In hoofdstuk X noemt hij 6 typen van vlechtwerk en beschrijft hij het maaksel van pagalen, mandjes, bakjes, kassave-pers en -zeef, waaiers en draagkorven van de Ojana's; van pagaal, waaieren draagkorf van de Trio's. De door vrouwen gebruikte draagkorven zijn van riet; die voor de mannen van palmblad gemaakt.

Litt. Walter E. Roth. Some technical notes from the Pomeroon district, Brit. Guiana (The journal of the royal anthropological institute of Gr. Brit. and Ireland, XXXIX, 1909, 26 v. met 10 pl. - Kappler, Surinam, 1887, 227. - J.E. Jasper.

Indiaansche en Indische vlechtkunst (Elsevier's maandschr. XLII, 1911,428 v). - Jhr.

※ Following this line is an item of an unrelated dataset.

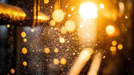 Close-up, dreamy shot of bright, golden sparks and soft bokeh lights, like a festive garland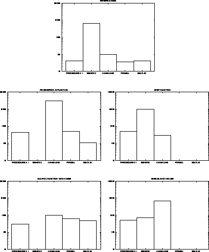 I should emphasize that all these results are only obtained from particular implementations of these algorithms. In particular the GENEsYs package [Bäck and Hoffmeister, 1992] was used for the genetic algorithms, the ASA package [Ingber, 1993] was used for simulated annealing, and the programs from ``Numerical Recipes in C'' [Press et al., 1992] were used for implementations of Powell's method and downhill simplex. Other implementations, or other parameter settings may give different results. Furthermore, the topic of optimization has a vast literature. I discovered that the M.I.T. library has 1240 volumes on the subject, when I tried to do a literature search. Thus it was impossible to run comparison tests with all known methods. Instead I compared my program to a subset of well known, widely used methods.

L.C. van Panhuys, Tentoonst. van Ind. kunstnijverheid, 4de gr. O. en W. Ind. vlechtwerk enz., 1902, 77 v. - Joest. Ethnogr. u.

Verwandtes aus Guayana, 1893, 89 v. - Jhr. L.C. van Panhuys. Proeve eener verklaring v.d. ornamentiek van de Ind. in Guyana (Intern. Arch. f. Ethnogr. XI, 1898). - Max Schmidt.

Ableitung Südamerikanischer Geflechtsmuster aus der Technik des Flechtens (Z.f. Ethn. 1904). - Otis Tufton Mason, Aboriginal American basketry: Studies in textile art without machinery (Publ. Smithsonian Institut. no. 128, 1904). - C.H. de Goeje in zijn boven aangehaalde studie, waarin men nog andere schrijvers vermeld vindt. - Zie verder Bened. Ind. 106; Bovenl. Ind. 172, 173, 176.